Analysis of domain correlations in yeast protein complexes

Abstract
Motivation: A growing body of research has concentrated on the identification and definition of conserved sequence motifs. It is widely recognized that these conserved sequence and structural units often mediate protein functions and interactions. The continuing advancements in high-throughput experiments necessitate the development of computational methods to critically assess the results. In this work, we analyzed high-throughput protein complexes using the domain composition of their protein constituents. Domains that mediate similar or related functions may consistently co-occur in protein complexes. Results: We analyzed Saccharomyces cerevisiae protein complexes from curated and high-throughput experimental datasets to identify statistically significant functional associations between domains. The resulting correlations are represented as domain networks that form the basis of comparison between the datasets, as well as to binary protein interactions. The results show that the curated datasets produce domain networks that map to known biological assemblies, such as ribosome, RNA polymerase, proteasome regulators, transcription initiation and histones. Furthermore, many of these domain correlations were also found in binary protein interactions.

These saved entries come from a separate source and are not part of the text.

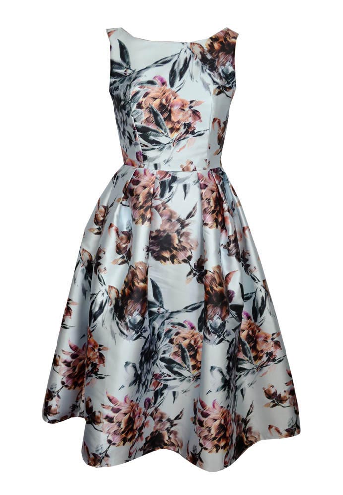 Dress Long White Large Floral Print Poly Silk Retro Rockabilly Style
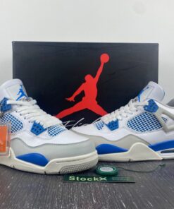 Air Jordan 4 White/Neutral Grey-Military Blue For Sale
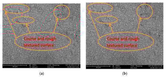 Scanning electron microscope (SEM) equipment was employed to investigate the morphology of the stabilized soil. Figure 15a,b shows the SEM results of the natural and optimal 8% lime–8% IOT-treated BCS after a seven-day curing period. From the SEM images, the natural soil has a smooth surface appearance with macropores (see Figure 15a) while the optimally treated BCS, after seven days curing, was aggregated with coarse and rough textured surface appearance. The morphology may be related to new compounds formed as a result of aggregation of the soil particles due to cation exchange, flocculation–agglomeration, pozzolanic reaction, and carbonation that took place during the curing period. The micrograph showed the development of cementitious products of calcium silicates hydrates, calcium aluminate hydrates, and calcium aluminosilicate hydrates covering the soil grains and filling up interaggregate openings. These compounds were accountable for strength gain. Similar results were reported by Mallela et al. [] as well as Deneele et al. [].
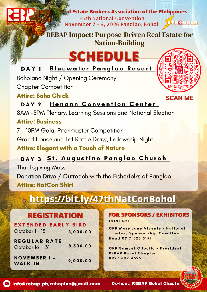 Join us for 3 POWER-PACKED DAYS of learning, networking, and fellowship at the beautiful Panglao, Bohol! Co-hosted by REBAP Bohol Chapter
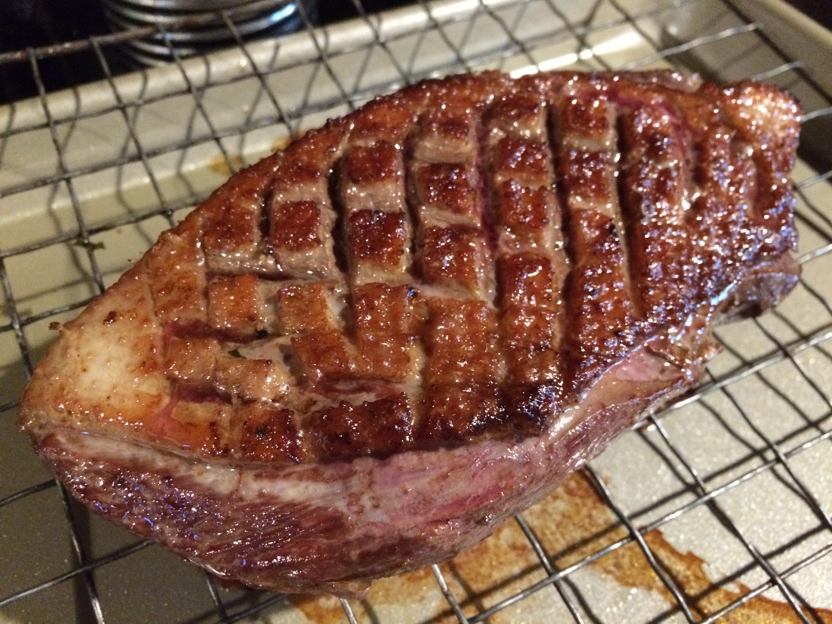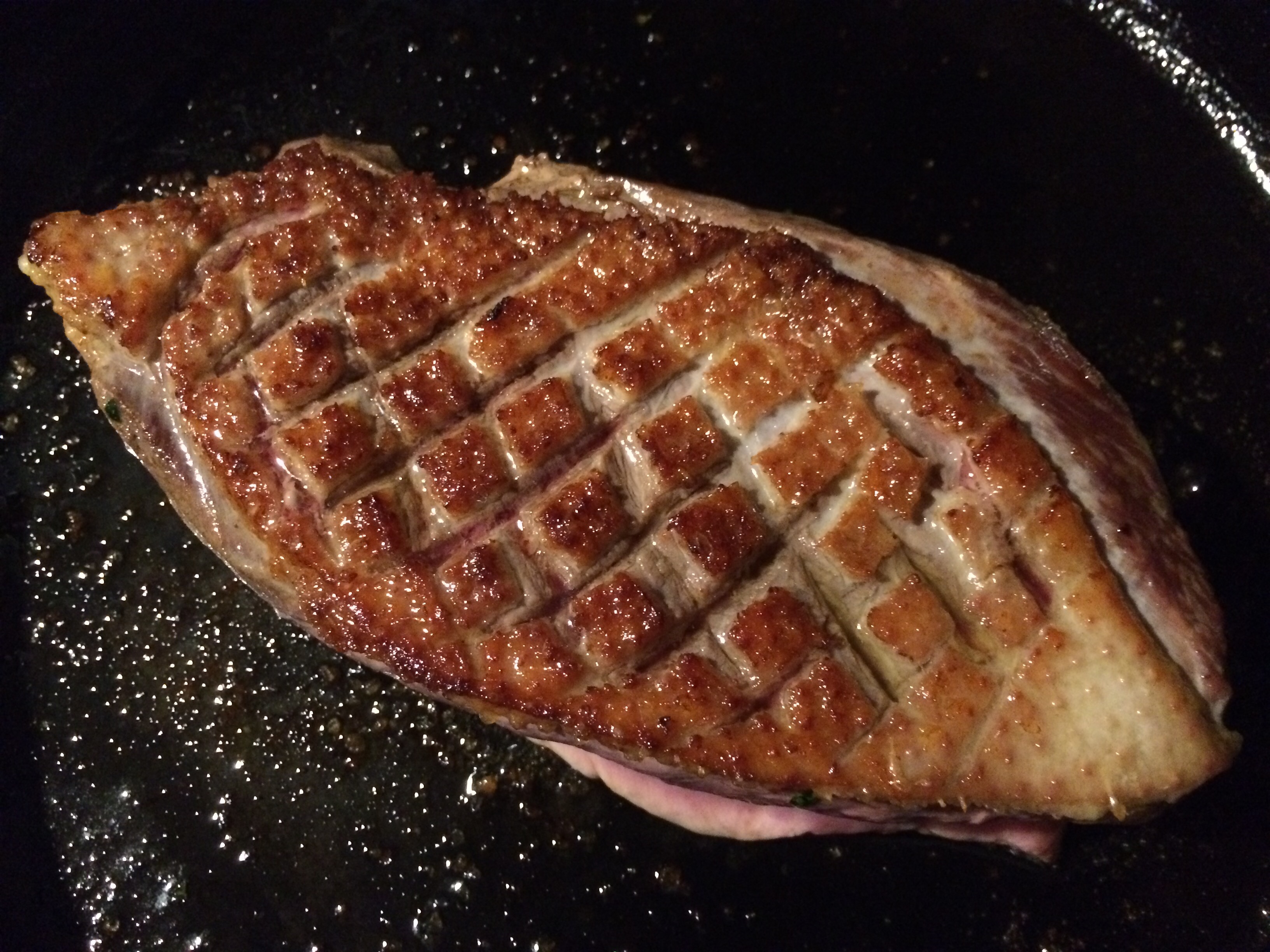 Heat a pan on the stove over medium heat and preheat the oven to 350 F. Using a very sharp knife, cut through the skin of the duck, first one way, then the other to make a diamond pattern. Be careful not to cut into the flesh.

In contrast, the high-throughput datasets contain one large network of domain associations. High connectivity of RNA processing and binding domains in the high-throughput datasets reflects the abundance of RNA binding proteins in yeast, in agreement with a previous report that identified a nucleolar protein cluster, possibly mediated by rRNA, from these complexes. Availability: The software is available upon request from the authors and is dependent on the NCBI C++ toolkit.